Hypermedia, the forgotten aspect of REST

In a post to rest-discuss mailing list, Roy Fielding quizzed if anyone else know what was missing from the REST presentation slides made by Steve Bjorg.
Without looking at the slides and the following posts, can you guess what was missing?
If someone is going to give a presentation on REST, it is likely that they will emphasise the more popular aspects of REST: resource, resource identification, representation of the resource and the uniform methods for interacting and manipulating the resource.
Many presentations that I have seen would further concentrate on the look-and-feel of "REST-ful" URLs, giving the audiences the wrong message that REST is primarily about URL construction. Josh Sled brought a good example of how even a big-name (I'm not telling who, go figure it out from the look-and-feel of the URL) development group got REST wrong: http://developer.yahoo.com/photos/V3.0/createAlbum.html. Whatever do they mean by "Passed in as a REST parameter.", I wonder. Quick, the server ate too many REST parameters, pass in the non-REST ones.
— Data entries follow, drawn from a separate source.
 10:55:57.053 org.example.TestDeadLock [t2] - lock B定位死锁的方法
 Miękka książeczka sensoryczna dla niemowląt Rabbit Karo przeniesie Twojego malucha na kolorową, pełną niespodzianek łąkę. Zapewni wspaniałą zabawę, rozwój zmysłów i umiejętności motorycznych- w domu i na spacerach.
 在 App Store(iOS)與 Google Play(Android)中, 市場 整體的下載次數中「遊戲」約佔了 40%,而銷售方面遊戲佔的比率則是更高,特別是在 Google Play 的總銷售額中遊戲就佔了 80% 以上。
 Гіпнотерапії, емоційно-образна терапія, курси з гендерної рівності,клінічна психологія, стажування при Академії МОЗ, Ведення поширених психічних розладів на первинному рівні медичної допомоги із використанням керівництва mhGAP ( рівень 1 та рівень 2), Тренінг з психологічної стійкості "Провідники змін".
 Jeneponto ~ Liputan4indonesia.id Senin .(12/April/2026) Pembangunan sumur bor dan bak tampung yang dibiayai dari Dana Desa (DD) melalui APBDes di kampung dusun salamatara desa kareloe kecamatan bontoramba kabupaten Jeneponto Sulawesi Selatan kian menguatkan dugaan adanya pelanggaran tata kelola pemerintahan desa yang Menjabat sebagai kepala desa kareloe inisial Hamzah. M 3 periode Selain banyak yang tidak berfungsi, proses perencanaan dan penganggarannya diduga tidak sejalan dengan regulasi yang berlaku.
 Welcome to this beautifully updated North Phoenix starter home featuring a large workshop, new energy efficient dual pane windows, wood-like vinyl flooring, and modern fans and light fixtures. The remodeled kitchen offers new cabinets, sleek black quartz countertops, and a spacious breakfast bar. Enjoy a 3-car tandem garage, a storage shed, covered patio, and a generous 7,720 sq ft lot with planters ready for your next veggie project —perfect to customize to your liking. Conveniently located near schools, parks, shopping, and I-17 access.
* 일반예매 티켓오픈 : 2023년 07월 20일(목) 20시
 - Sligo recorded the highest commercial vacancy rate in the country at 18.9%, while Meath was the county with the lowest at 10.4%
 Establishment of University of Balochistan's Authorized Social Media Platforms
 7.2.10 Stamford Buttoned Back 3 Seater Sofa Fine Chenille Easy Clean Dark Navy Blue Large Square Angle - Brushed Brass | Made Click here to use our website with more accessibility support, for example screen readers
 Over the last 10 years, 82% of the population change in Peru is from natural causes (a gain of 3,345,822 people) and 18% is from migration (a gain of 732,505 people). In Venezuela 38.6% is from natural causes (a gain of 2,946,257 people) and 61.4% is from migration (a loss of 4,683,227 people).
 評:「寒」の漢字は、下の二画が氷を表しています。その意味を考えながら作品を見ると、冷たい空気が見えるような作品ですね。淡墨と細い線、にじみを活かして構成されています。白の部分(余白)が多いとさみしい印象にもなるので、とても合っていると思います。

What is missing is hypermedia. It's the last constraint mentioned in the dissertation. http://www.ics.uci.edu/~fielding/pubs/dissertation/rest_arch_style.htm section 5.1.5:
REST is defined by four interface constraints: identification of resources; manipulation of resources through representations; self-descriptive messages; and, hypermedia as the engine of application state.
But whatever does "hypermedia as the engine of application state" mean? I like Mark Baker's explanation:
Hypermedia as the engine of application state" is simply a long-winded way of saying that REST clients make progress via links embedded in the data they retrieve. That sounds like an almost information-free statement, but it's not difficult to violate this constraint, and it can be quite costly to do so as well.
For example, if you have a blog, and there is an entry for 2007-05-11, from your home page, there should be a link pointing to that entry. User and client should not be expected to guess how to get there.
Just as state is explicitly represented and transferred, so must the transitions.